▶ [TO DO]: Write out the full listing exactly as given, minus the images.

▶ [RECORDED DATA]:
▬▬▬

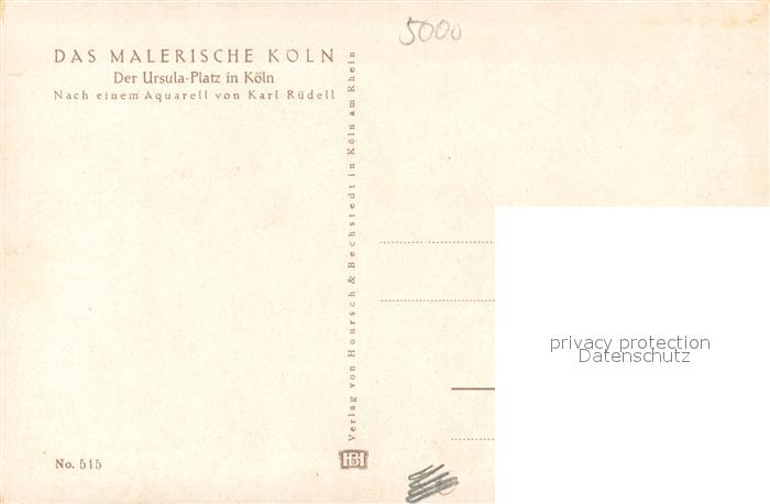 73691029 Koeln Rhein Der Ursula Platz Aquarell postalisch nicht gelaufen Erhaltung siehe scans [WerneD78] KatCode: 11110005315000
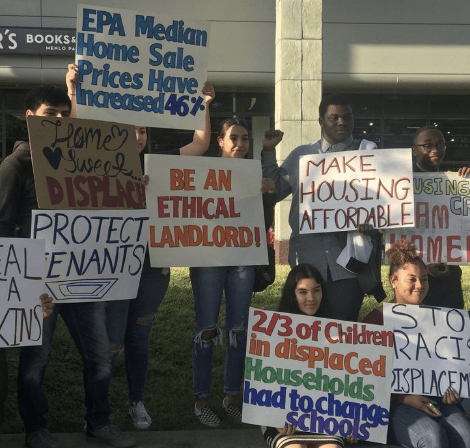 M-A alum and current East Palo Alto (EPA) resident Filiberto Zaragoza explained, “I rent in the Woodland Apartments in East Palo Alto, and it is hard. My parents and I work full time, and we’re not a super big family, but even still, we pay a massive chunk to the Woodland landlords. Although we manage to afford it, if something happened to my Dad, we wouldn’t be able to live here anymore.”
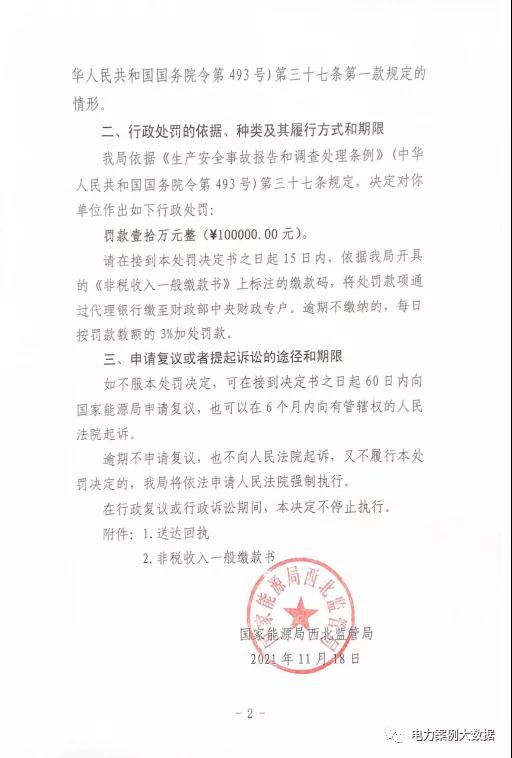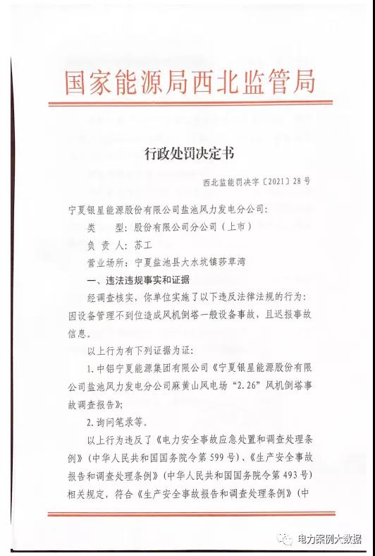 近日,國家能源局西北監(jiān)管局發(fā)布【2021】28號(hào)行政處罰決定書,因設(shè)備管理不到位造成風(fēng)機(jī)倒塔一般設(shè)備事故,且遲報(bào)事故信息,對(duì)寧夏銀星能源股份有限公司鹽池風(fēng)力發(fā)電分公司罰款10萬元。

▬▬▬

▶ [REPLY TO THE EXERCISE]:
 73691029 Koeln Rhein Der Ursula Platz Aquarell postalisch nicht gelaufen Erhaltung siehe scans [WerneD78] KatCode: 11110005315000
 M-A alum and current East Palo Alto (EPA) resident Filiberto Zaragoza explained, “I rent in the Woodland Apartments in East Palo Alto, and it is hard. My parents and I work full time, and we’re not a super big family, but even still, we pay a massive chunk to the Woodland landlords. Although we manage to afford it, if something happened to my Dad, we wouldn’t be able to live here anymore.”
 近日,國家能源局西北監(jiān)管局發(fā)布【2021】28號(hào)行政處罰決定書,因設(shè)備管理不到位造成風(fēng)機(jī)倒塔一般設(shè)備事故,且遲報(bào)事故信息,對(duì)寧夏銀星能源股份有限公司鹽池風(fēng)力發(fā)電分公司罰款10萬元。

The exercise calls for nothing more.